ANTS updates database, increases transaction speeds

14.11.2005

Each of Grupo's two Ants servers runs on a dual-processor 3.1-GHz Xeon system with 2GB of RAM. They share a MicroAppliance disk array connected via a storage-area network.

Two analysts agreed that the Ants approach is unique, though they disagreed about its prospects.

Philip Howard, a database analyst at U.K.-based Bloor Research, called Ants, which only rarely requires heavily accessed data fields to be locked, a 'pretty revolutionary' advance over conventional databases, such as Oracle, IBM's DB2 and Microsoft's SQL Server, which all added row-level locking five to 10 years ago.

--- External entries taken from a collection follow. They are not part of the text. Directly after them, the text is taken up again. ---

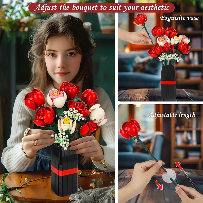 - Unique Romantic Gift: This unique rose bouquet building set is perfect for boys and girls of all ages. Each flower is carefully designed and the everlasting flowers symbolise eternal love. You can give this artificial bouquet to your family, partner and friends on major holidays such as Valentine's Day, Mother's Day, Thanksgiving, birthdays and Christmas. This unique and romantic gift can bring them unexpected surprise and happiness.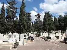 Nahalat Yitzhak Cemetery (Hebrew: בית העלמין נחלת יצחק) is a Jewish municipal burial ground in the Tel Aviv District city of Givatayim, Israel, east of the Nahalat Yitzhak neighborhood of Tel Aviv. Founded in 1932, it includes more than 30,000 graves, including those of Israeli political and cultural figures, and Rebbes of several Hasidic dynasties.[1] The cemetery contains several tracts of military graves and mass graves of unidentified soldiers from the period of the 1948 Arab-Israeli War. It also features memorials to Jewish communities destroyed in the Holocaust.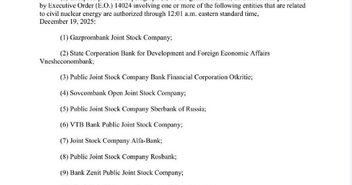 США частично ослабили санкции в отношении России. Минфин США исключил ряд российских компаний, включая ВЭБ — титульный спонсор ПФК ЦСКА

Row-level locking 'is not a big issue in more static data warehouses. It's not a big deal with databases mostly focused on queries and analysis, where there are no contention problems on updating data,' Howard said. But it can impose 'a real performance constraint' in OLTP environments, where he thinks database administrators are most likely to embrace the Ants technology.

But Curt Monash, a database management consultant in Acton, Mass., and a Computerworld columnist, said that OLTP users tend to be conservative in adopting technology because they are reluctant to tamper with mission-critical databases. 'Even if the technology does all that Ants claims, it's going to be hard for them,' he said.